Roush's New Supercharger Puts 810 Legal Horsepower Under a Stock-Looking Mustang Hood
The 2026 Roush Mustang Supercharger bolts in with zero cutting or drilling, and it's now 50-state legal.
Roush Performance's new supercharger kit for the 2026 Mustang GT and Dark Horse pushes the 5.0-liter Coyote V8 to 810 horsepower and 630 lb-ft of torque — and does it without a single cut, drill, or body modification. Developed in partnership with Magnuson Superchargers, the kit centers on an inverted Eaton TVS R2650 unit in a front-inlet, front-drive layout that reuses the factory dual 80mm throttle bodies and fits entirely under the stock hood and K-brace.

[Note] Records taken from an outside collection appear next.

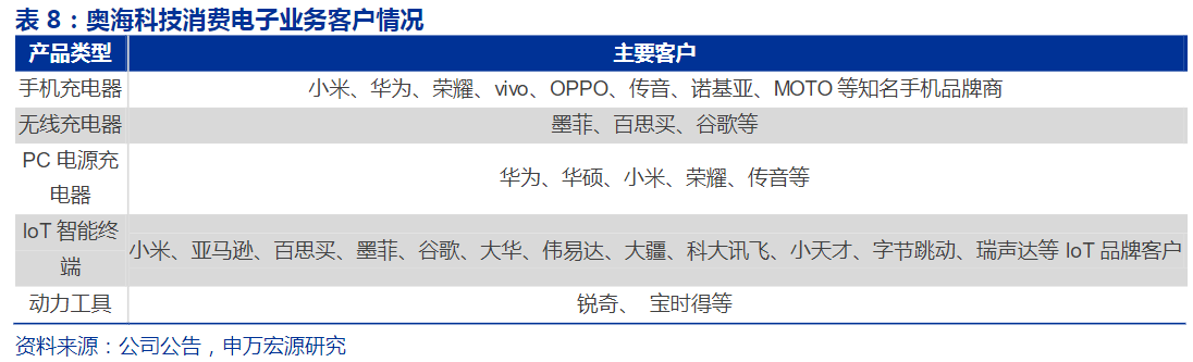 公司充电器产品应用领域拓展到智能家居、可穿戴设备等物联网领域,与Amazon(亚马逊)、Google(谷歌)、华硕、腾讯、百度、大疆、360、普联(TP-LINK)、公牛等行业知名企业建立了合作关系。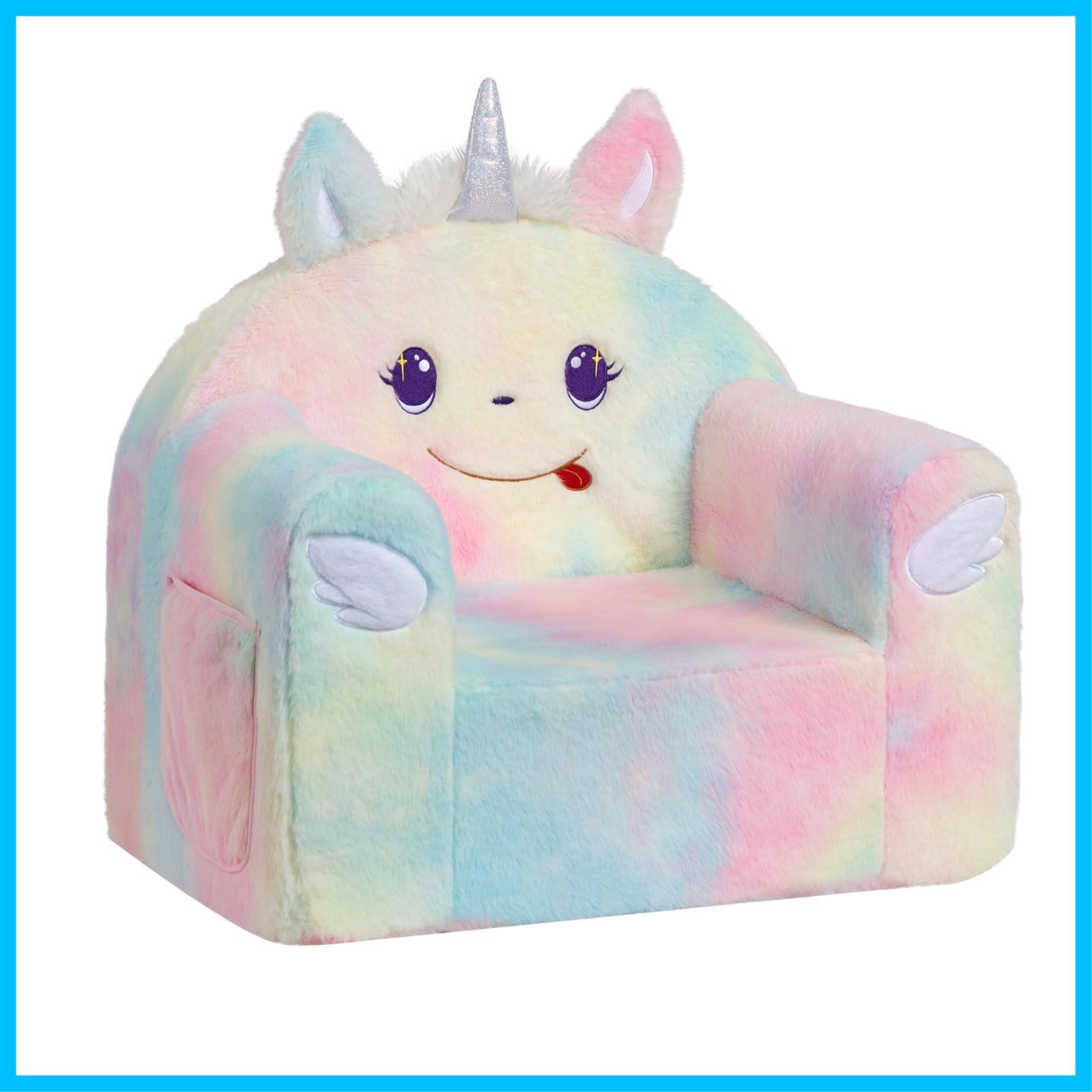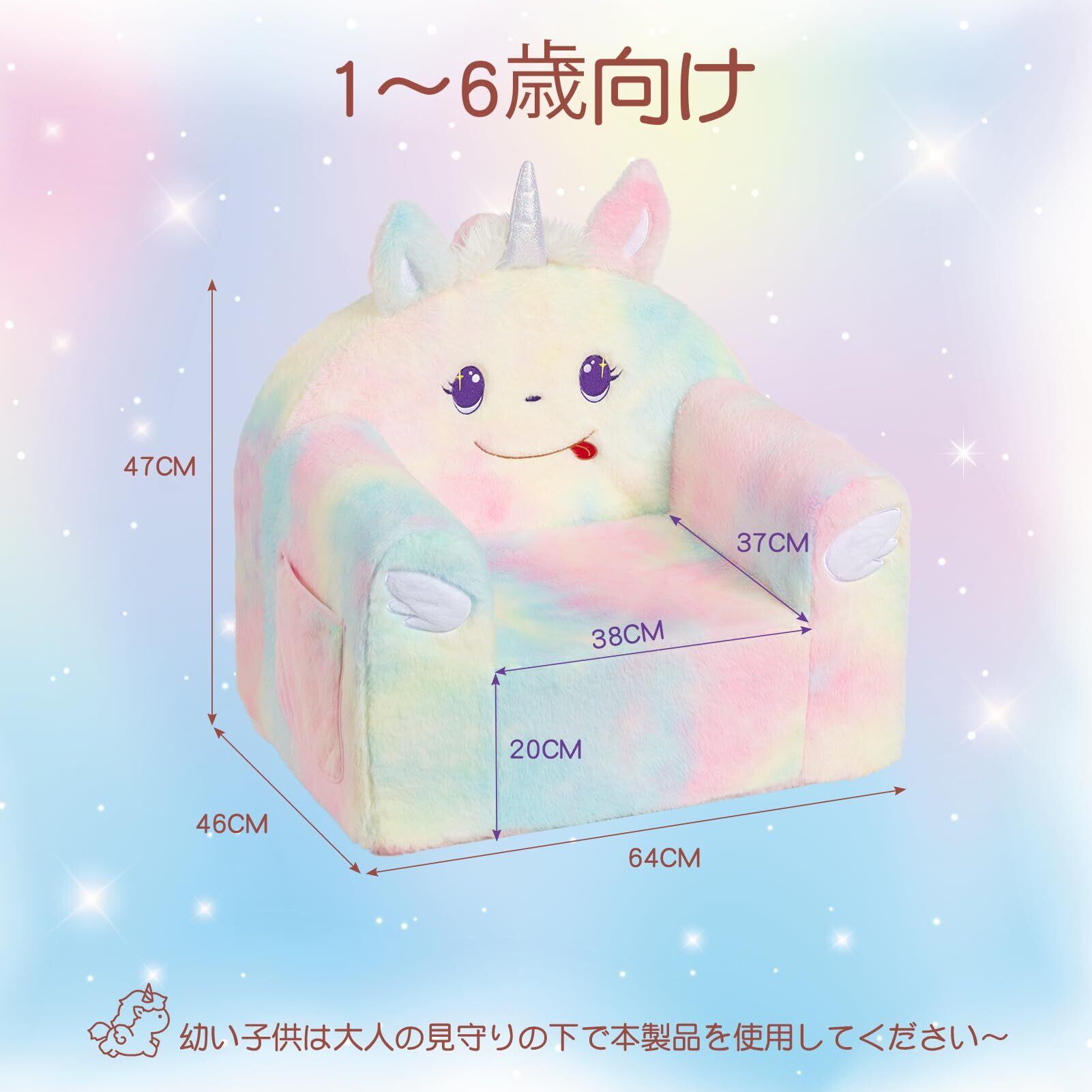 ALIMORDEN キッズソファ 子供用ソファー ベビーチェア 赤ちゃん座椅子 座れるぬいぐるみ コンパクト ふわふわ 背もたれ付き プレゼン 動物 ユニコーン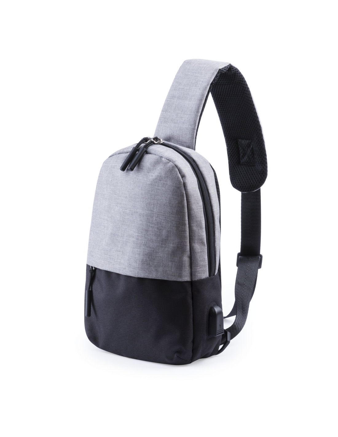Bandolera multiusos en resistente poliéster 300D. De atractivo diseño urbano, en combinación de colores gris denim y negro. Con conexión USB para carga -powerbank y cable no incluídos- y bolsillo acolchado para tablet de hasta 10 pulgadas. Espalda y cinta acolchadas, con cinta de ajuste regulable. Bolsillo principal de fácil apertura, con cierre de cremallera y resistentes tiradores.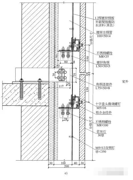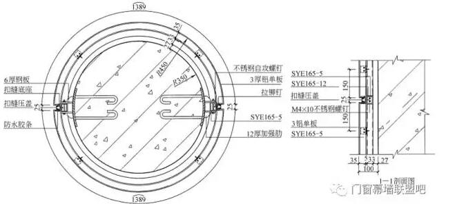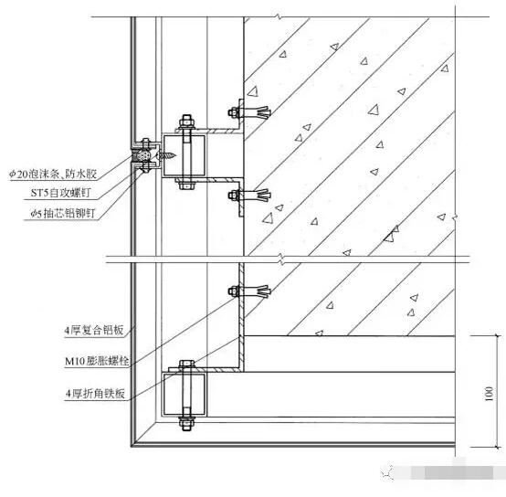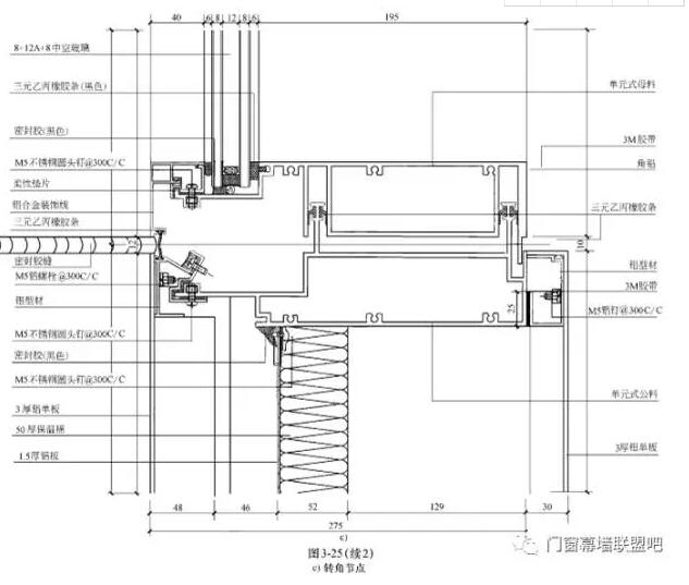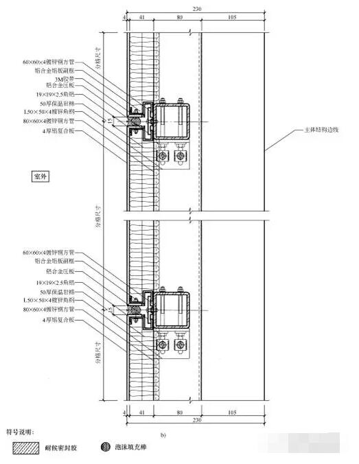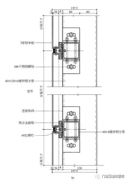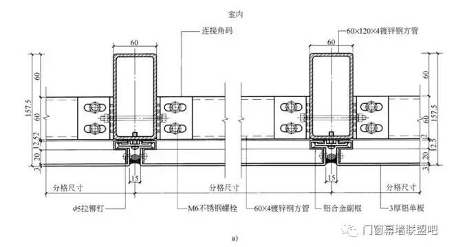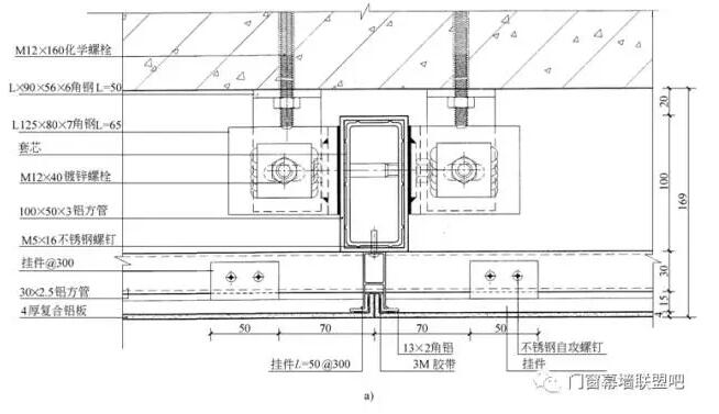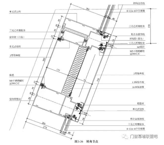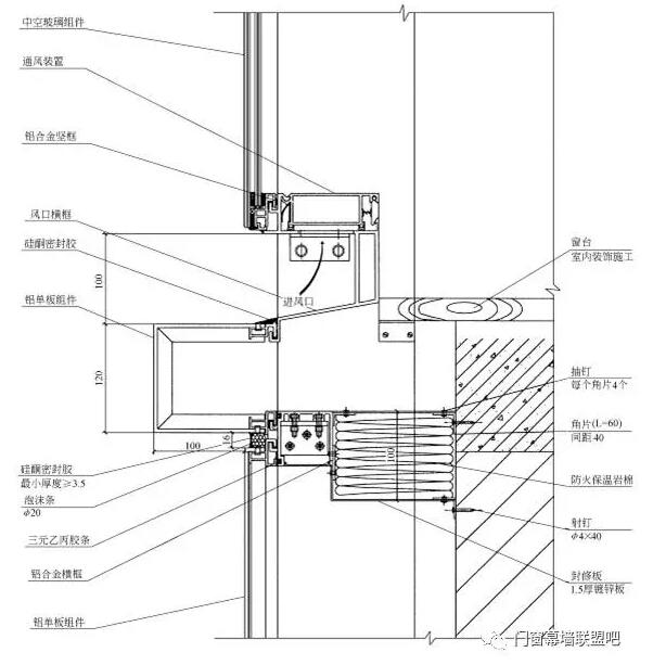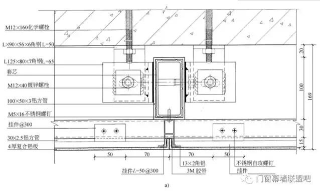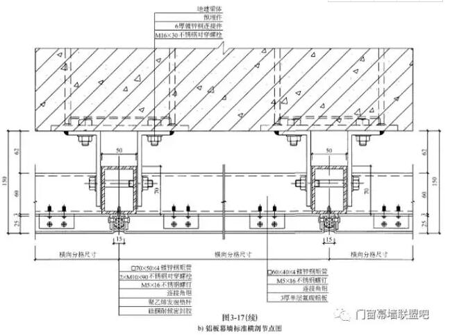 圖3-17a鋁板幕墻(詞條“鋁板幕墻”由行業大百科提供)標準豎剖節點

Peak boost lands at 13 psi at 7,500 rpm, managed by high-efficiency twin intercoolers, a large front-mounted heat exchanger, and a high-flow Bosch PCE intercooler pump to keep intake temperatures in check under sustained load. The system is plug-and-play on the wiring side and uses Roush's own Diagnostic Tool software for OEM-level flash reliability — the kind of installation experience that's historically been rare at this power level.
The bigger news for California buyers specifically: the kit now carries E.O. approval, making it legal for sale and installation in every state that requires an Executive Order number for aftermarket forced induction. That's frequently the sticking point that keeps big-power supercharger kits out of reach for buyers in emissions-strict states, and Roush clearing it removes that barrier entirely.
It retails for $10,399, backed by a 3-year/36,000-mile limited powertrain warranty. For reference, Ford's own in-house option — a Whipple-built kit sold through Ford Racing Parts — makes a similar 810 hp in the Mustang GT and Dark Horse (with active valve exhaust) and 700 hp in the F-150, meaning Mustang buyers now have two 50-state-legal, three-digit-horsepower supercharger paths to choose between at the parts counter.